## [Source records]
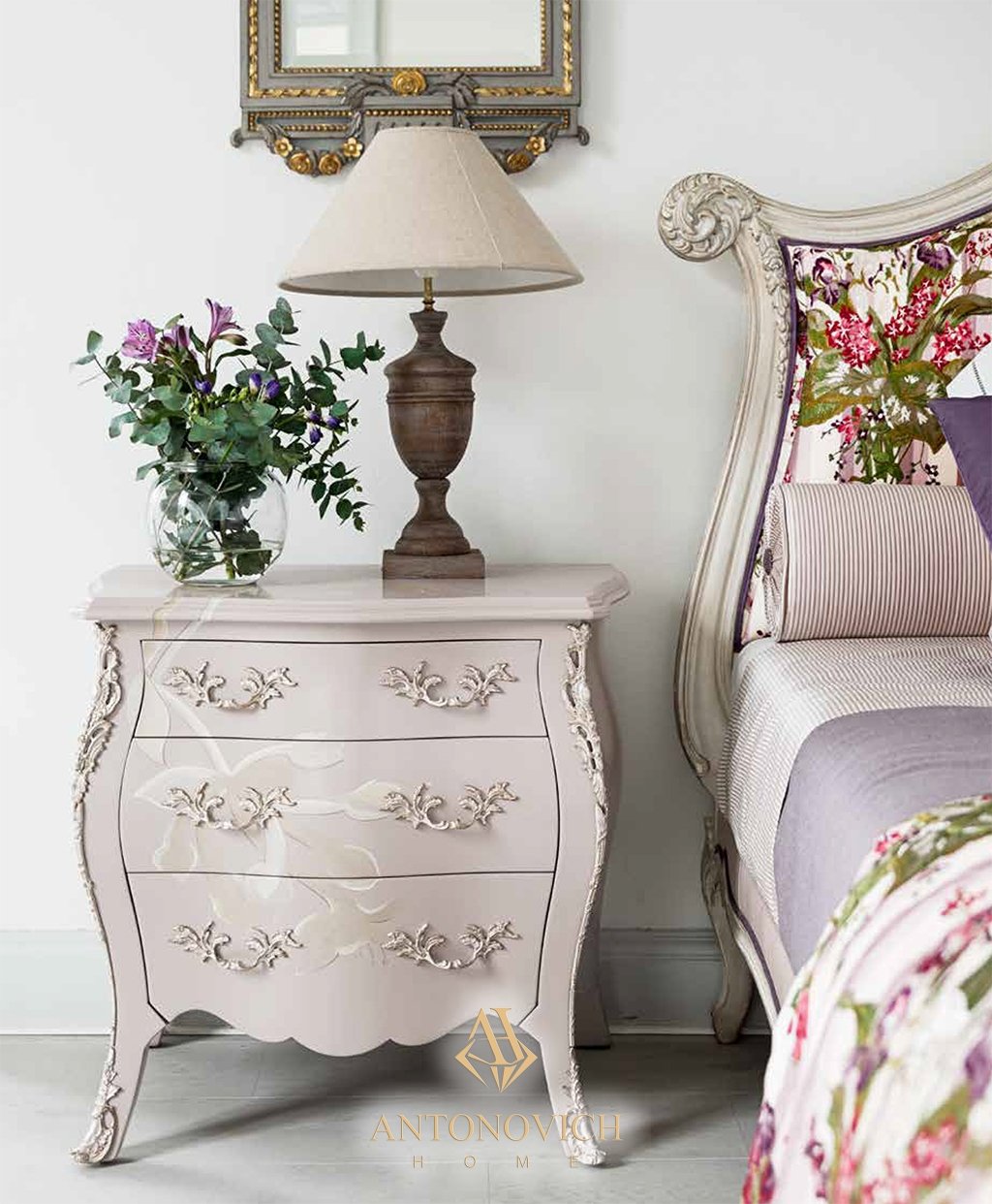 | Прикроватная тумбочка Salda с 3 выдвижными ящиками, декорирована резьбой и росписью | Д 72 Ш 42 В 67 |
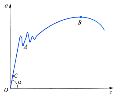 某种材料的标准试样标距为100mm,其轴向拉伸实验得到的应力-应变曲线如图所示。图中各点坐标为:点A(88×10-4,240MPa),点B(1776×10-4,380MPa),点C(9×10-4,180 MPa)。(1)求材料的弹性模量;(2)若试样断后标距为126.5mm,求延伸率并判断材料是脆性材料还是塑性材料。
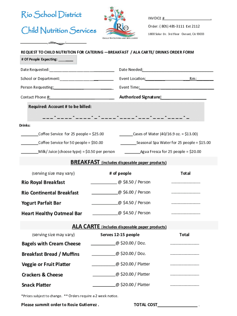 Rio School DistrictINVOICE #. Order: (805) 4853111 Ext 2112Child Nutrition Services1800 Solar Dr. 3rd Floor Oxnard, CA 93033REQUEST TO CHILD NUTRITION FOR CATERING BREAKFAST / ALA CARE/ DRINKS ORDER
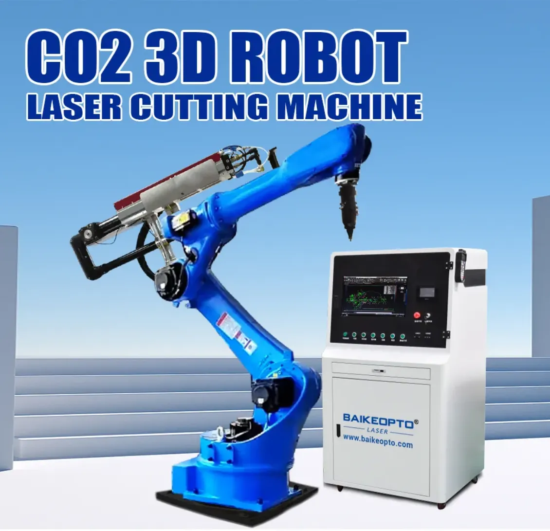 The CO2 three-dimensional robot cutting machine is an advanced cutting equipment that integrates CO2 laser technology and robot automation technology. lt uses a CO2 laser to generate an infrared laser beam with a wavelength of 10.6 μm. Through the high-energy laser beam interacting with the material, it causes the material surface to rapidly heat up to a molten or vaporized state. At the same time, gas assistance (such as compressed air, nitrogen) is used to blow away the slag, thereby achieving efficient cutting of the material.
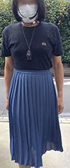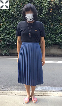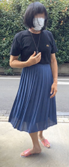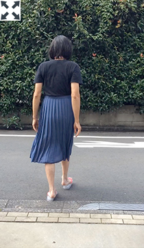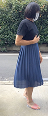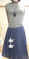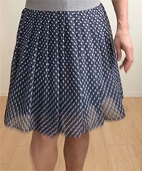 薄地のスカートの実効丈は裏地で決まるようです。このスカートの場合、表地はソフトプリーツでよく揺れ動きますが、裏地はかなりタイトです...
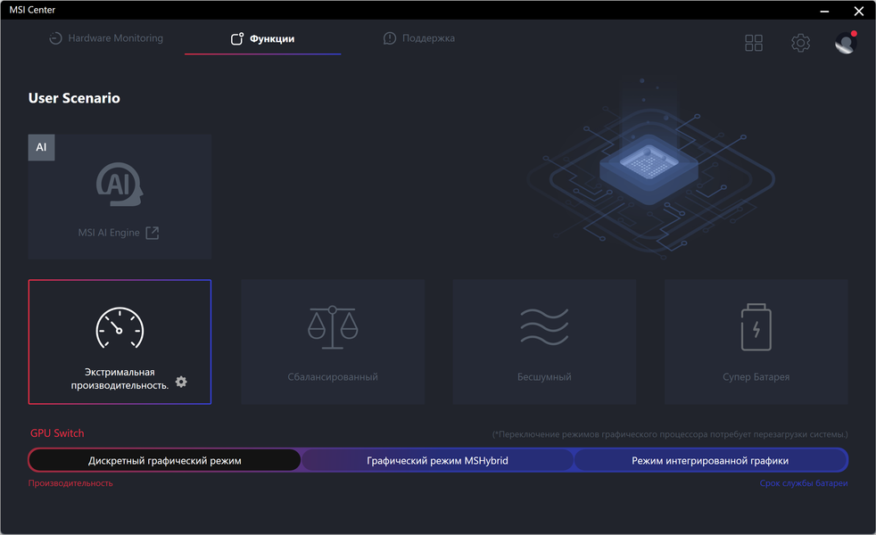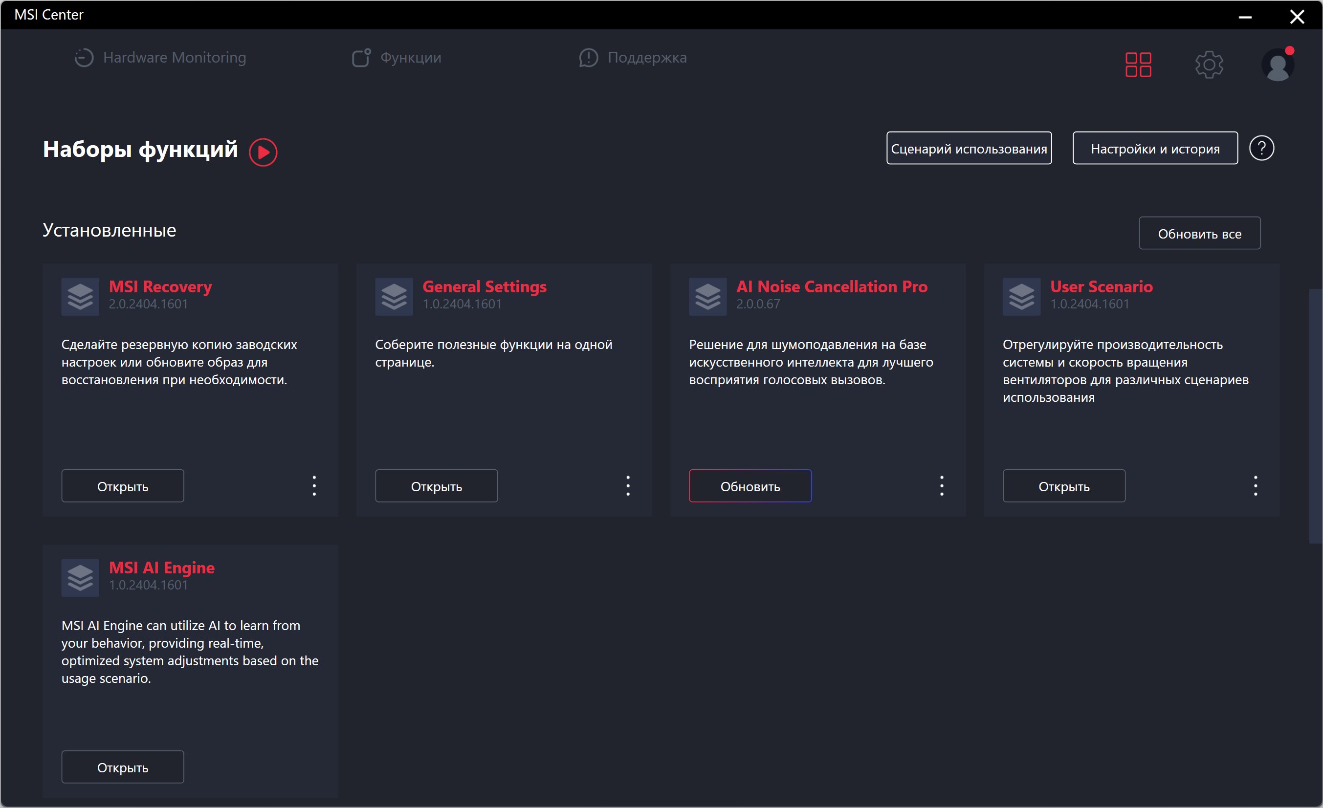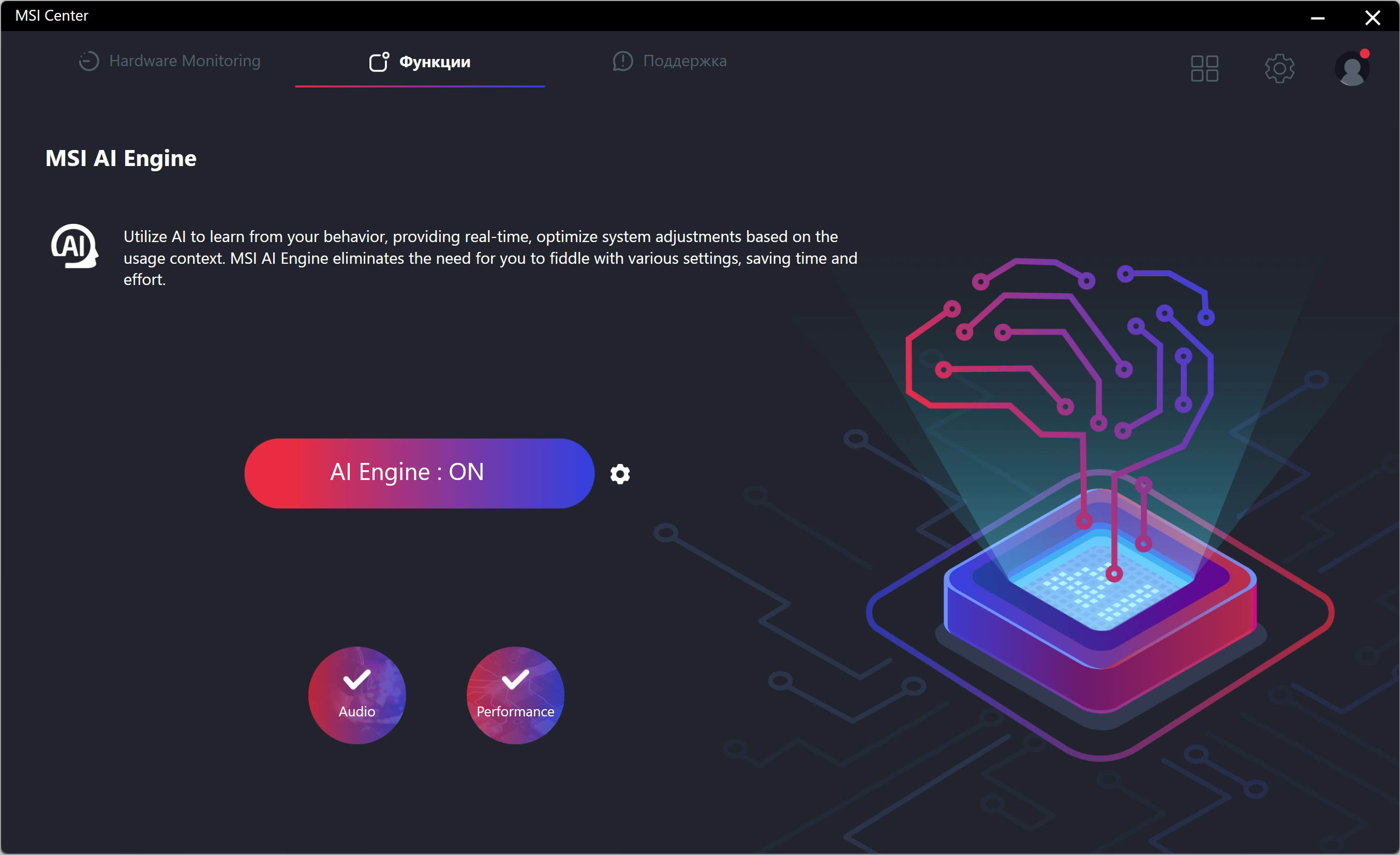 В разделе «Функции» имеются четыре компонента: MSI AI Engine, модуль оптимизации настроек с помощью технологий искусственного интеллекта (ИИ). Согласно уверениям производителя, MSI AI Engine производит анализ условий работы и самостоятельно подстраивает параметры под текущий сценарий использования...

--

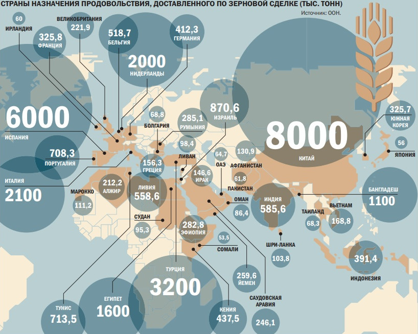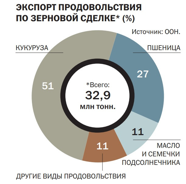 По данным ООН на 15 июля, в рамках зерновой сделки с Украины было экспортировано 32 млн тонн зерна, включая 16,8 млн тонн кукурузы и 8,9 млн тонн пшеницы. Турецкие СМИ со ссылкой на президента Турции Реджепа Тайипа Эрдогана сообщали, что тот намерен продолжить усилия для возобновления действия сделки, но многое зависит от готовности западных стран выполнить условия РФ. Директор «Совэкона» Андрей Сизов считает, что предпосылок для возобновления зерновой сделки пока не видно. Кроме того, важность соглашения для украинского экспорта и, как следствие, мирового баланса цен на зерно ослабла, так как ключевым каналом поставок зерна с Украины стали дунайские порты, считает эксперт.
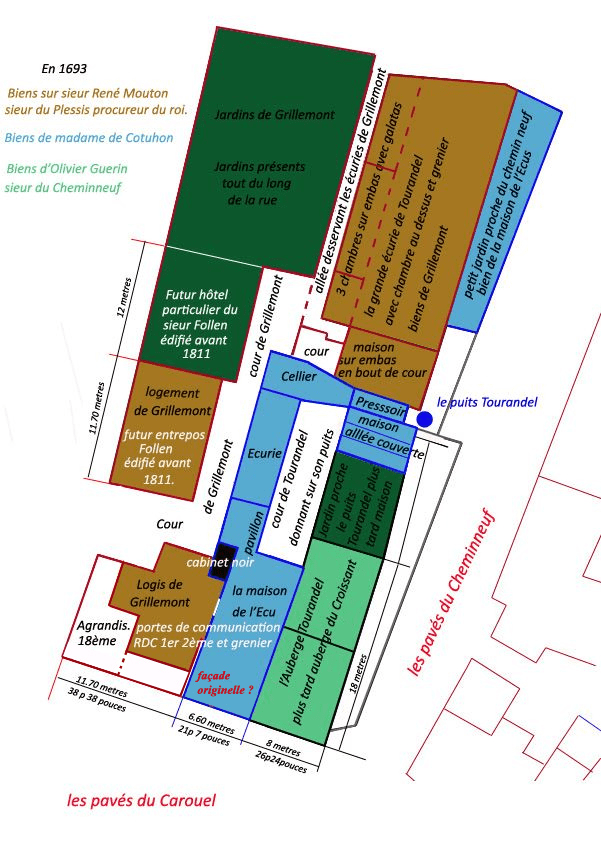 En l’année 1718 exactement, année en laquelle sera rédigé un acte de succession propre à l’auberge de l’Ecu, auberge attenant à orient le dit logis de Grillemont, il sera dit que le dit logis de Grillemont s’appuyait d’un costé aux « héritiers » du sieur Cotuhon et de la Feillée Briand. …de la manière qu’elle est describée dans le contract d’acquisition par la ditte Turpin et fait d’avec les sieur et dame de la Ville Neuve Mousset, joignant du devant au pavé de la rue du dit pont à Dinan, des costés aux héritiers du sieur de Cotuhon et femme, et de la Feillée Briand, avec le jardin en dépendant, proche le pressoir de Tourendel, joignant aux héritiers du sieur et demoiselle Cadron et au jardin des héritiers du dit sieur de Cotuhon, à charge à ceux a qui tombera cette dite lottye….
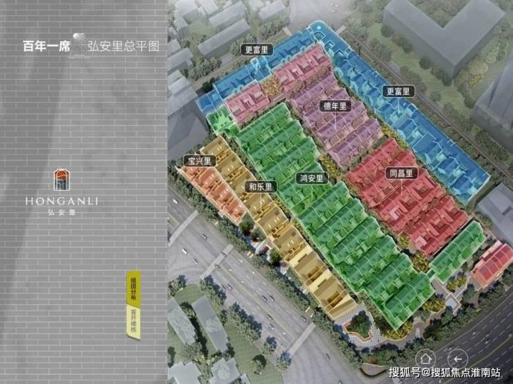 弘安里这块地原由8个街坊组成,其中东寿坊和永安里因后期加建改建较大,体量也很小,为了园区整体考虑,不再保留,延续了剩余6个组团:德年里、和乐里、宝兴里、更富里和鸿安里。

## [Work required]
Using the entries above, transcribe every line from the line containing "Ш 42 В 67 |" through the line containing "текущий сценарий использования...". Do not copy pictures.

## [Reply]
 | Прикроватная тумбочка Salda с 3 выдвижными ящиками, декорирована резьбой и росписью | Д 72 Ш 42 В 67 |
 某种材料的标准试样标距为100mm,其轴向拉伸实验得到的应力-应变曲线如图所示。图中各点坐标为:点A(88×10-4,240MPa),点B(1776×10-4,380MPa),点C(9×10-4,180 MPa)。(1)求材料的弹性模量;(2)若试样断后标距为126.5mm,求延伸率并判断材料是脆性材料还是塑性材料。
 Rio School DistrictINVOICE #. Order: (805) 4853111 Ext 2112Child Nutrition Services1800 Solar Dr. 3rd Floor Oxnard, CA 93033REQUEST TO CHILD NUTRITION FOR CATERING BREAKFAST / ALA CARE/ DRINKS ORDER
 The CO2 three-dimensional robot cutting machine is an advanced cutting equipment that integrates CO2 laser technology and robot automation technology. lt uses a CO2 laser to generate an infrared laser beam with a wavelength of 10.6 μm. Through the high-energy laser beam interacting with the material, it causes the material surface to rapidly heat up to a molten or vaporized state. At the same time, gas assistance (such as compressed air, nitrogen) is used to blow away the slag, thereby achieving efficient cutting of the material.
 薄地のスカートの実効丈は裏地で決まるようです。このスカートの場合、表地はソフトプリーツでよく揺れ動きますが、裏地はかなりタイトです...
 В разделе «Функции» имеются четыре компонента: MSI AI Engine, модуль оптимизации настроек с помощью технологий искусственного интеллекта (ИИ). Согласно уверениям производителя, MSI AI Engine производит анализ условий работы и самостоятельно подстраивает параметры под текущий сценарий использования...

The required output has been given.